DATA IN THIS EXERCISE:
○ ○ ○ ○
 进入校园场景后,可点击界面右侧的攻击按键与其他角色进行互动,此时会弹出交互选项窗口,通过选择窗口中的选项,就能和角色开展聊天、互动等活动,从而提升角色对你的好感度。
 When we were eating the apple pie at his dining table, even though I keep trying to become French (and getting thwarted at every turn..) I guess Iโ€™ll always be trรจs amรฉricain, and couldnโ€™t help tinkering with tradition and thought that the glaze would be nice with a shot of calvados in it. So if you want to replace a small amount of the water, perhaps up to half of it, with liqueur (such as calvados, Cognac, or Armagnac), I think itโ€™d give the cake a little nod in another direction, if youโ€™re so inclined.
○ ○ ○ ○
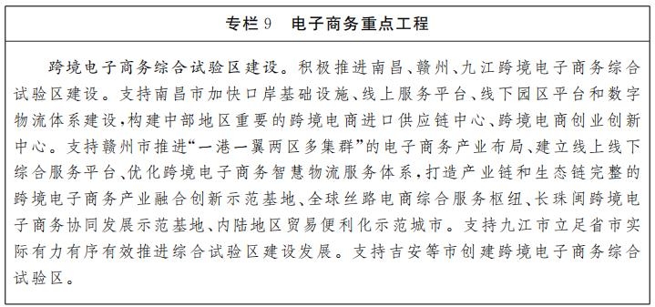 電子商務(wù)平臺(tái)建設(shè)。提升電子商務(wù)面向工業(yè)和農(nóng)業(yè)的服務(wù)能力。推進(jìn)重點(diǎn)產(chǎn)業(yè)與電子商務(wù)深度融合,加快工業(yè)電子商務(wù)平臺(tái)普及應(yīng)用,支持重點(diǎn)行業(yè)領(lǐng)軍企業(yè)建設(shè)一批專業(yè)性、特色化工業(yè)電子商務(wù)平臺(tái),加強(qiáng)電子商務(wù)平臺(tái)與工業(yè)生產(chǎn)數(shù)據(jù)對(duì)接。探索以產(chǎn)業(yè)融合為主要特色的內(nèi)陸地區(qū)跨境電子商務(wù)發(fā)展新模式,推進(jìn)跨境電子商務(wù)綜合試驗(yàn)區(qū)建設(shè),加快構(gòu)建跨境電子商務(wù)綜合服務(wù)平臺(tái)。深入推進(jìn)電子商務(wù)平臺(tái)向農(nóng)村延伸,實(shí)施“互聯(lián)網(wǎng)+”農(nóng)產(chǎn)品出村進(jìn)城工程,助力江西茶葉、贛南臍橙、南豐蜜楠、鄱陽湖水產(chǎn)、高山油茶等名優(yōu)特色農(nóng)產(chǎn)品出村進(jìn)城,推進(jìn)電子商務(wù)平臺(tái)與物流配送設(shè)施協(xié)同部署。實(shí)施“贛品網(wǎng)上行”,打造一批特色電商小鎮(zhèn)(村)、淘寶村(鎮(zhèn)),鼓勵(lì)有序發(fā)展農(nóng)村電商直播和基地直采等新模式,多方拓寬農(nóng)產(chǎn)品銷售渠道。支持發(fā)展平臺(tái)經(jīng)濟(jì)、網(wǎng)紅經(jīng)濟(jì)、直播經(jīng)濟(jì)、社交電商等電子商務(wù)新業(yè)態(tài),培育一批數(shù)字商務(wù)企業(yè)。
○ ○ ○ ○
YOUR TASK:
Within the data above, the lines from the one with "进入校园场景后,可点击界面右" to the one with "When we were" must be repeated exactly; no other line belongs in the answer.

THE COMPLETED TASK:
 进入校园场景后,可点击界面右侧的攻击按键与其他角色进行互动,此时会弹出交互选项窗口,通过选择窗口中的选项,就能和角色开展聊天、互动等活动,从而提升角色对你的好感度。
 When we were eating the apple pie at his dining table, even though I keep trying to become French (and getting thwarted at every turn..) I guess Iโ€™ll always be trรจs amรฉricain, and couldnโ€™t help tinkering with tradition and thought that the glaze would be nice with a shot of calvados in it. So if you want to replace a small amount of the water, perhaps up to half of it, with liqueur (such as calvados, Cognac, or Armagnac), I think itโ€™d give the cake a little nod in another direction, if youโ€™re so inclined.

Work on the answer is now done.